### [Entries shown]
-=-=-

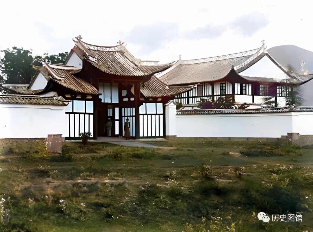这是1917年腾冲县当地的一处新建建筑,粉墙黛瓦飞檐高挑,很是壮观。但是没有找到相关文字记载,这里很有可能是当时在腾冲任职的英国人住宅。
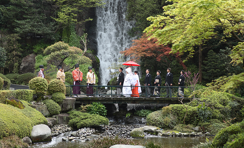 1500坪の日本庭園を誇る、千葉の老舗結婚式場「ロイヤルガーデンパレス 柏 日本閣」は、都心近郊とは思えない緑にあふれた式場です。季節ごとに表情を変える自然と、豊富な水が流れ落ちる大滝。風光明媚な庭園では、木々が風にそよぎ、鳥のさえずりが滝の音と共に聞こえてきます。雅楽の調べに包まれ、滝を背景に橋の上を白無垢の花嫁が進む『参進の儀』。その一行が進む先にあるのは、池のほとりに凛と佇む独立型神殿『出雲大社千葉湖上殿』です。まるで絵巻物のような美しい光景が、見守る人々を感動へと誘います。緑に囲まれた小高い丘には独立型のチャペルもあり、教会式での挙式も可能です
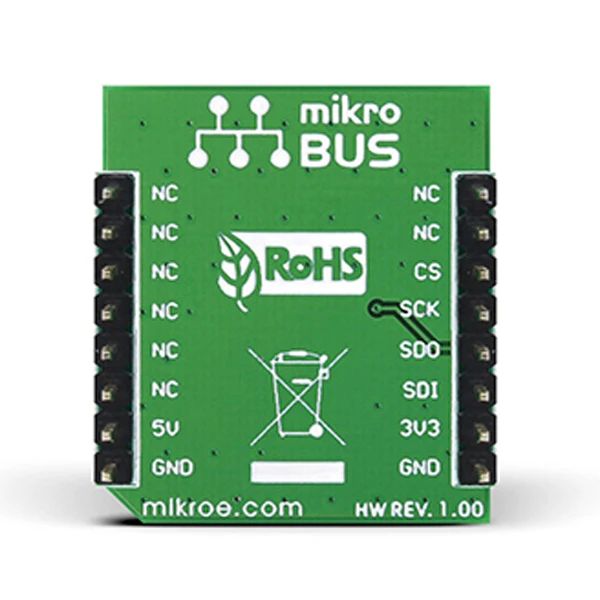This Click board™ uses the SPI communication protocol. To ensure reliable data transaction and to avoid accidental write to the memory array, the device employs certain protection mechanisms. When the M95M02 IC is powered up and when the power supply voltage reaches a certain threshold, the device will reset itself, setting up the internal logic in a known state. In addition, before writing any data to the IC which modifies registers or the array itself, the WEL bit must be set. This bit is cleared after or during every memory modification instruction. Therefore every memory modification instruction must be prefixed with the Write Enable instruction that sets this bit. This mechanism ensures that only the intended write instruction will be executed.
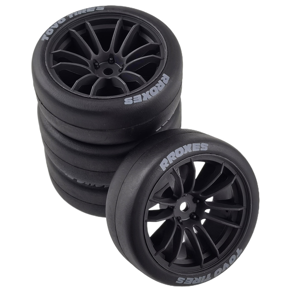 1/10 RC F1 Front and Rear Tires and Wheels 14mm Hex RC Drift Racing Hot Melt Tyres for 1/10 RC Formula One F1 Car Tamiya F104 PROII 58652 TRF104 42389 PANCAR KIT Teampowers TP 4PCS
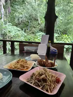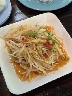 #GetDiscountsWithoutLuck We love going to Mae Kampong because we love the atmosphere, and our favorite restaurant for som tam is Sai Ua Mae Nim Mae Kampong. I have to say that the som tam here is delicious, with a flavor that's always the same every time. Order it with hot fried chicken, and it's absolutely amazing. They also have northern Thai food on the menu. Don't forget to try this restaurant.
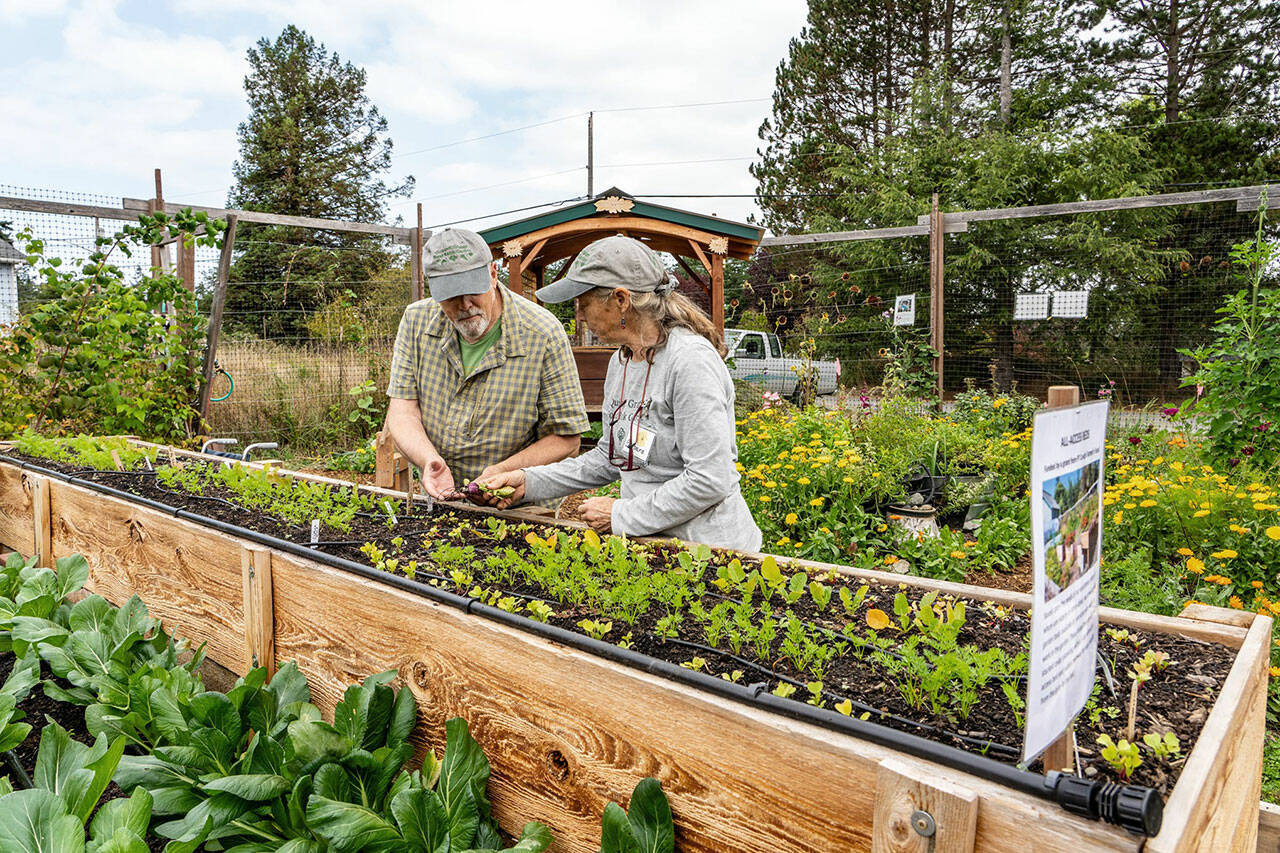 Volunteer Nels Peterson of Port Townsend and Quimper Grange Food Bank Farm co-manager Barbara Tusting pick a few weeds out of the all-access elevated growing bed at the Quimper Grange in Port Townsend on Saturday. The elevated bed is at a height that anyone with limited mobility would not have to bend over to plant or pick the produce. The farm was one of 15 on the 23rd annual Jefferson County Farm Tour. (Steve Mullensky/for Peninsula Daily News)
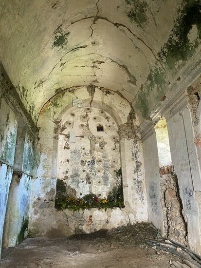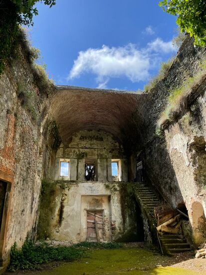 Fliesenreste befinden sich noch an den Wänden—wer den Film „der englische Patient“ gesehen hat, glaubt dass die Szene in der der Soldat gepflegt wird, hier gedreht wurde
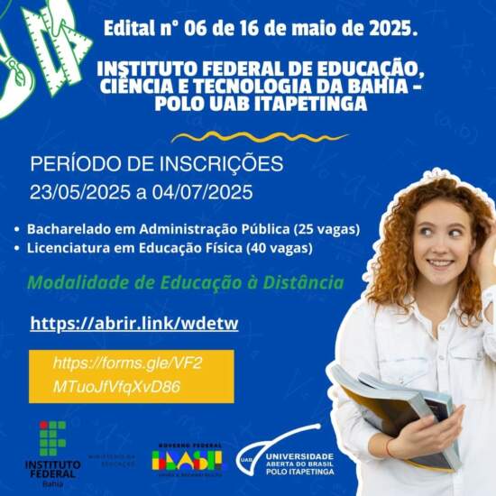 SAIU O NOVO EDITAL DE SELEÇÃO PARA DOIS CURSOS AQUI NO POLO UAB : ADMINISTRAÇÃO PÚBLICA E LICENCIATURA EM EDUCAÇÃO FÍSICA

-=-=-

### [Work task]
Pictures are to be left out, while the records are copied word for word.

### [Response to the task]
这是1917年腾冲县当地的一处新建建筑,粉墙黛瓦飞檐高挑,很是壮观。但是没有找到相关文字记载,这里很有可能是当时在腾冲任职的英国人住宅。
 1500坪の日本庭園を誇る、千葉の老舗結婚式場「ロイヤルガーデンパレス 柏 日本閣」は、都心近郊とは思えない緑にあふれた式場です。季節ごとに表情を変える自然と、豊富な水が流れ落ちる大滝。風光明媚な庭園では、木々が風にそよぎ、鳥のさえずりが滝の音と共に聞こえてきます。雅楽の調べに包まれ、滝を背景に橋の上を白無垢の花嫁が進む『参進の儀』。その一行が進む先にあるのは、池のほとりに凛と佇む独立型神殿『出雲大社千葉湖上殿』です。まるで絵巻物のような美しい光景が、見守る人々を感動へと誘います。緑に囲まれた小高い丘には独立型のチャペルもあり、教会式での挙式も可能です
This Click board™ uses the SPI communication protocol. To ensure reliable data transaction and to avoid accidental write to the memory array, the device employs certain protection mechanisms. When the M95M02 IC is powered up and when the power supply voltage reaches a certain threshold, the device will reset itself, setting up the internal logic in a known state. In addition, before writing any data to the IC which modifies registers or the array itself, the WEL bit must be set. This bit is cleared after or during every memory modification instruction. Therefore every memory modification instruction must be prefixed with the Write Enable instruction that sets this bit. This mechanism ensures that only the intended write instruction will be executed.
 1/10 RC F1 Front and Rear Tires and Wheels 14mm Hex RC Drift Racing Hot Melt Tyres for 1/10 RC Formula One F1 Car Tamiya F104 PROII 58652 TRF104 42389 PANCAR KIT Teampowers TP 4PCS
 #GetDiscountsWithoutLuck We love going to Mae Kampong because we love the atmosphere, and our favorite restaurant for som tam is Sai Ua Mae Nim Mae Kampong. I have to say that the som tam here is delicious, with a flavor that's always the same every time. Order it with hot fried chicken, and it's absolutely amazing. They also have northern Thai food on the menu. Don't forget to try this restaurant.
 Volunteer Nels Peterson of Port Townsend and Quimper Grange Food Bank Farm co-manager Barbara Tusting pick a few weeds out of the all-access elevated growing bed at the Quimper Grange in Port Townsend on Saturday. The elevated bed is at a height that anyone with limited mobility would not have to bend over to plant or pick the produce. The farm was one of 15 on the 23rd annual Jefferson County Farm Tour. (Steve Mullensky/for Peninsula Daily News)
 Fliesenreste befinden sich noch an den Wänden—wer den Film „der englische Patient“ gesehen hat, glaubt dass die Szene in der der Soldat gepflegt wird, hier gedreht wurde
 SAIU O NOVO EDITAL DE SELEÇÃO PARA DOIS CURSOS AQUI NO POLO UAB : ADMINISTRAÇÃO PÚBLICA E LICENCIATURA EM EDUCAÇÃO FÍSICA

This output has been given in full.